In a recent letter, I noted that one difference between building traditional software and AI products is the problem of complex product specification. With traditional software, product managers can specify a product in ways that communicate clearly to engineers what to build — for example, by providing a wireframe drawing. But these methods don’t work for AI products.
For an AI product, among the most important parts of the specification are:
The space of acceptable operating conditions (also called the operational design domain)
The level of performance required under various conditions, including machine learning metrics such as accuracy and software metrics such as latency and throughput
Consider the problem of how to build a self-driving car. We might decide the acceptable road conditions for autonomous operation and the acceptable rate of collisions with particular objects at various speeds (for example, gently bumping a traffic cone at five miles per hour every 1 million miles may be okay, but hitting a pedestrian at 20 miles per hour every 1,000 miles is not).
Or take reading electronic health records. What is an acceptable error rate when diagnosing a serious disease? How about the error rate when diagnosing a minor disease? What if human-level performance for a particular illness is low, so physicians tend to misdiagnose it, too?
Specifying the metrics, and the dataset or data distribution on which the metrics are to be assessed, gives machine learning teams a target to aim for. In this process, we might decide how to define a serious versus a minor disease and whether these are even appropriate concepts to define a product around. Engineers find it convenient to optimize a single metric (such as average test-set accuracy), but it’s not unusual for a practical specification to require optimizing multiple metrics.
Here are some ideas that I have found useful for specifying AI products.
Clearly define slices (or subsets) of data that raise concerns about the system’s performance. One slice might be minor diseases and another major diseases. If the system is intended to make predictions tied to individuals, we might check for undesirable biases by specifying slices that correspond to users of different age groups, genders, ethnicities, and so on.
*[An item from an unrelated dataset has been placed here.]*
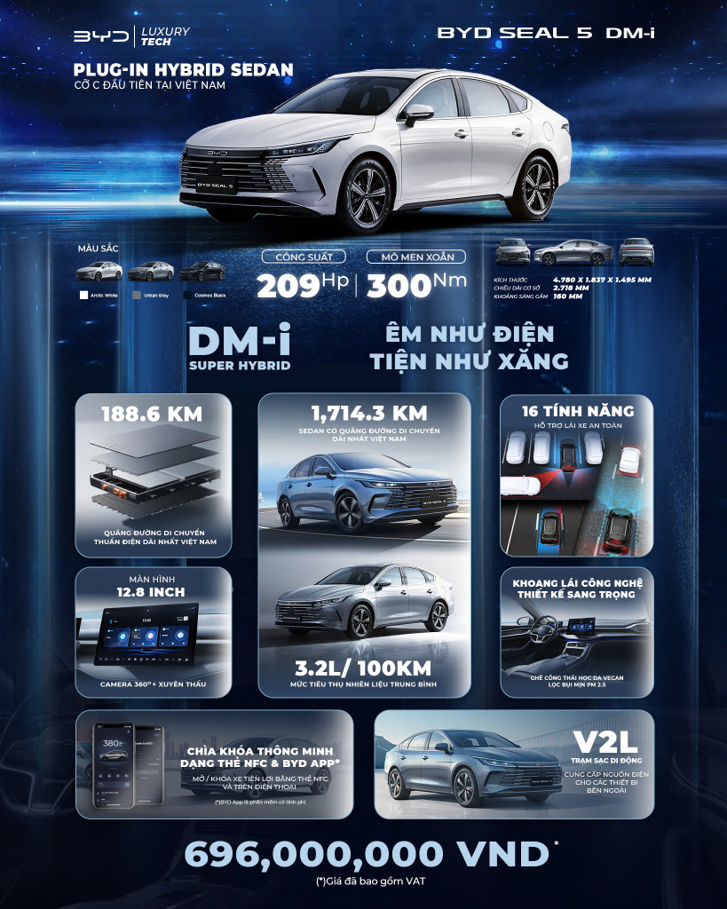 Cập nhật giá của Seal 5 – BYD Seal 5 chính thức ra mắt tại Việt Nam, thiết kế Ocean Series, công nghệ DM-i Super Hybrid, giá chỉ từ 696 triệu đồng.
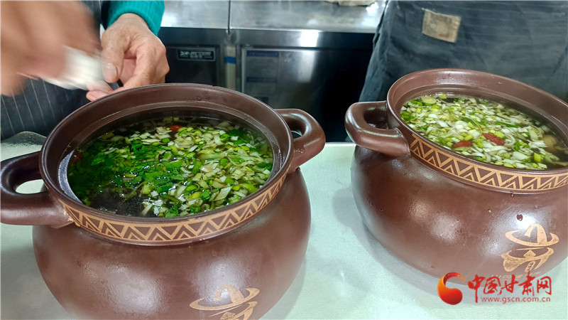 “選材不能將就,三年以上的羯羊,肉質(zhì)才夠緊實(shí);配菜必用山丹野生地耳、發(fā)菜,這是罐罐席的魂。”凌晨五點(diǎn),王永德已穿梭在農(nóng)貿(mào)市場,指尖劃過羊肉紋理,便能辨出新鮮與否。“緊火煮肉,慢火煨湯,火候差一分,味道就薄一寸。”王永德從吊湯、炒糖色到下料煨香,八道工序環(huán)環(huán)相扣,八小時(shí)文火慢熬,方得一罐琥珀色的濃湯。

For each slice, specify a level of performance that meets the user’s need, if it’s technically feasible. Also, examine performance across slices to ensure that the system meets reasonable standards of fairness.
If the algorithm performs poorly on one slice, it may not be fruitful to tweak the code. Consider using a data-centric approach to improve the quality of data in that slice. Often this is the most efficient way to address the problem.
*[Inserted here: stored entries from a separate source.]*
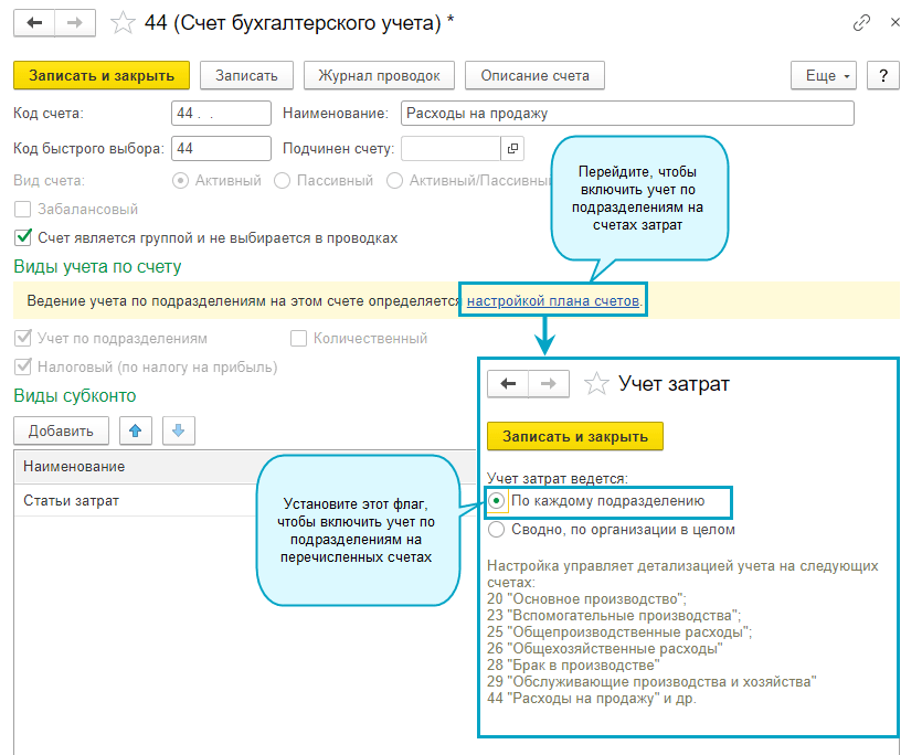 Добавлен учет по подразделениям на счете 44 "Расходы на продажу".
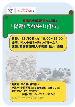 NPO法人パートナーとうかつ 市民大学講座まなび屋 演題:「後妻(うわなり)打ち」 実施日:12月9...
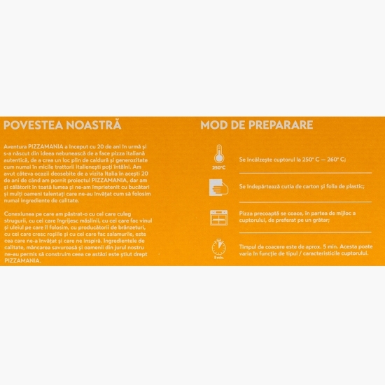 Cu o experiență de peste 20 de ani în domeniu, Pizzamania a reușit să perfecționeze aluatul, timpul de coacere și echilibrul ideal al ingredientelor. Rezultatul? O pizza necongelată, de calitate.
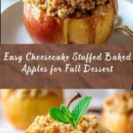 Delight in these Cheesecake-Stuffed Baked Apples, a perfect fall dessert combining tender baked apples with a creamy cheesecake filling. Topped with a crunchy graham cracker crumble and optionally finished with whipped cream and caramel sauce, these stuffed apples offer a warm, comforting treat bursting with sweet and tangy flavors.
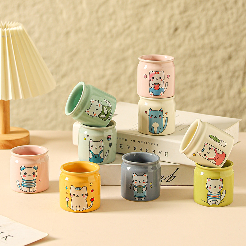 卸売かわいい子供用セラミックドリンクカップかわいい猫柄ヨーグルトプリンカップ電子レンジ対応
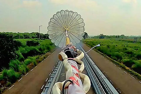 During the three comprehensive tests conducted at the RTRS facility, a range of real-world scenarios were simu-lated to rigorously evaluate the performance and reliability of the drogue parachutes, ISRO said.
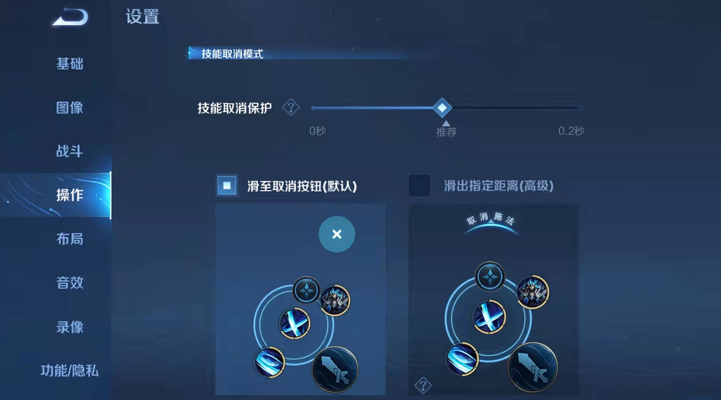 另外,经常不小心滑到取消键也是一个技能放不出的原因,许多需要拖拽释放的技能容易不小心滑到取消键导致释放不出。新赛季新增了技能取消保护,可以自行调整技能取消的生效时间。如果你总是不小心滑倒取消导致技能释放失败,可以尝试把时间调久一点。

I’ve found it very helpful to have sufficient data and a clear target specification for each slice. This isn’t always easy or even possible, but it helps the team advance toward a reasonable target.
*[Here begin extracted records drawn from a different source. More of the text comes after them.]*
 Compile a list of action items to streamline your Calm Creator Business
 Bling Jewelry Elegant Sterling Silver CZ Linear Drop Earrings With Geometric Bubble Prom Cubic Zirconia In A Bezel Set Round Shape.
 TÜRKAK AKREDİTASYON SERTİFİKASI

As a team performs experiments and develops a sense of what’s possible as well as where the system might falter, the appropriate slices can change. If you’re a machine learning engineer who is part-way through the project, and the product manager changes the product specification, don’t be frustrated! Ask them to buy you a coffee (or tea or other beverage of your choice) for your trouble, but recognize that this is part of developing a machine learning system. Hopefully such changes will happen less frequently as the team gains experience.